这是两个无法区分的骰子的解决方案,这意味着投掷1和3的处理方式与投掷3和1的处理方式相同。在这种方法中,我们使用dict而不是list,因为对于两个或更多的用户!无法区分的骰子列表中会有像3,1这样的洞组合,这是永远不会出现的,因为我们将它们视为1,3
import random
counts = {}
for _ in range(1000):
dice = tuple(sorted([random.randint(1, 6), random.randint(1, 6)]))

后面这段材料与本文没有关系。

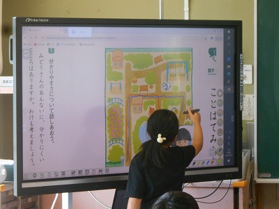 9/5(木)ことばでみちあんない【2年】 公開日 2024/09/05 更新日 2024/09/05 学校日誌 2年生の国語では、「ことばでみちあんない」という単元の学習をしていました。教科書の地図をもとに、自分の考えた場所までの道のりを電子黒板前にいる友達に伝えます。教科書では上や下の方に書いてある物も、実際に道を歩くことを想定すると「左」や「右」を使わないと伝わりにくいことに気付けました。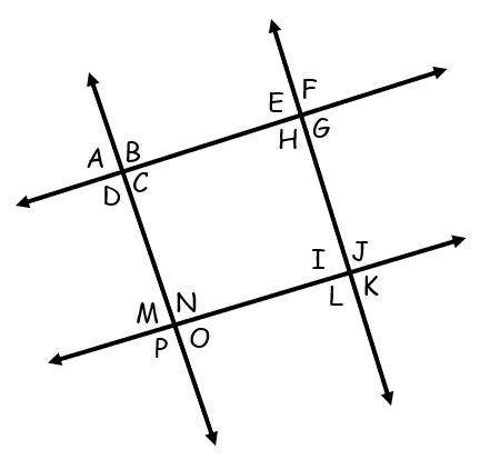 \angle{F} and \angle{}_______ are Alternate Exterior Angles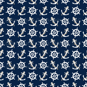 White nautical ship steering wheels and white anchors with beige rope on navy blue. Coordinate for the Nautical Goodness Collection,Medium scale. Summer, Sailing, Boat, Beach House, fabric, wallpaper, home decor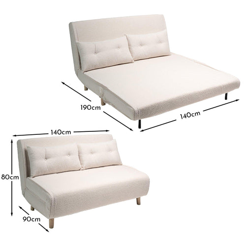 - Una Double Teddy Sprung Sofa Bed - Warm White

counts[dice] = counts.get(dice, 0) + 1
for dice in sorted(counts.keys()):
print("{} occurred {} times".format(dice, counts[dice]))
(1, 1) occurred 22 times
(1, 2) occurred 53 times
(1, 3) occurred 47 times
(1, 4) occurred 55 times
(1, 5) occurred 55 times
(1, 6) occurred 50 times
(2, 2) occurred 27 times
(2, 3) occurred 64 times
(2, 4) occurred 58 times
...
不,我只需要这个程序来掷两个骰子,这样以后我就可以在掷两个三的地方进行编程,打印出两个三的骰子…次,所以我只需要弄清楚如何掷两个骰子,如果有意义的话?不,我只需要这个程序来掷两个骰子,这样以后我就可以在两个三的地方进行编程 是滚动的吗?它打印了两个3…滚动了几次,所以我需要弄清楚如何滚动两个骰子,如果这有意义的话?